Delta compression ratio

value_bytes and delta_bytes can be used to capture the theoretical delta compression ratio of the application data flowing through the topics. Both the console and the JMX MBean perform this calculation. The ratio is a value between 0 and 1. The closer the ratio is to 1, the more benefit the application data will obtain from delta streaming. If value_bytes is 0, there have been no updates, so the delta compression ratio is reported as zero. Otherwise it is calculated as:

1 - delta_bytes / value_bytes

Delta streaming is enabled for subscriptions by default, but can be disabled on a per-topic basis using the PUBLISH_VALUES_ONLY topic property. If delta streaming is enabled, a stable set of subscribers remain connected, and no session has a significant backlog (so conflation is not applied), the following relationship should hold:

subscriber_update_bytes ≅ delta_updates x subscribers

Delta streaming can also be used to update topic values. If the delta compression ratio is high, but delta_updates is zero (or low, relative to value_updates), consider whether your application can use the stateful update stream API to take advantage of delta streaming.

Log metrics

Log metrics record information about server log events. Separate metrics are kept for each unique pair of log code and log severity level that has been logged.
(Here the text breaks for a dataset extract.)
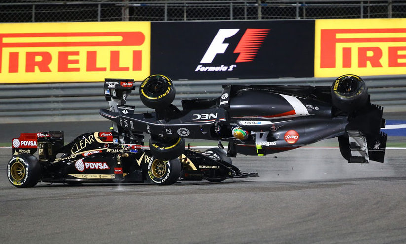 Promediando la carrera, nuestro piloto de demolition derby preferido, Pastor Maldonado entraba pasado en la frenada al final de recta y todo terminó con un vuelco de Esteban Gutiérrez, enganchado por el auto del venezolano. Afortunadamente el mexicano salió ileso. El Safety Car salía a pista, mientras el McLaren de Magnussen quedaba KO.

The log severity levels are: error, warn, info, debug, trace.

A JMX MBean is created for each pair of log code and log severity that has been logged at least once.

Here is an example MBean name: com.pushtechnology.diffusion:type=LogMetrics,server="server_name",level=warncode=PUSH-12345

Session metrics versus network metrics

The network inbound_bytes and outbound_bytes metrics include bytes that are not counted by the equivalent session metrics.

The session metrics include bytes from transport framing and all session traffic (including additional HTTP traffic from long polling).

The network metrics include all bytes included in the session metrics as well as non-session bytes such as:
  • TLS overhead
  • Web server traffic (for example, browsers downloading the web console pages)
  • Rejected connection attempts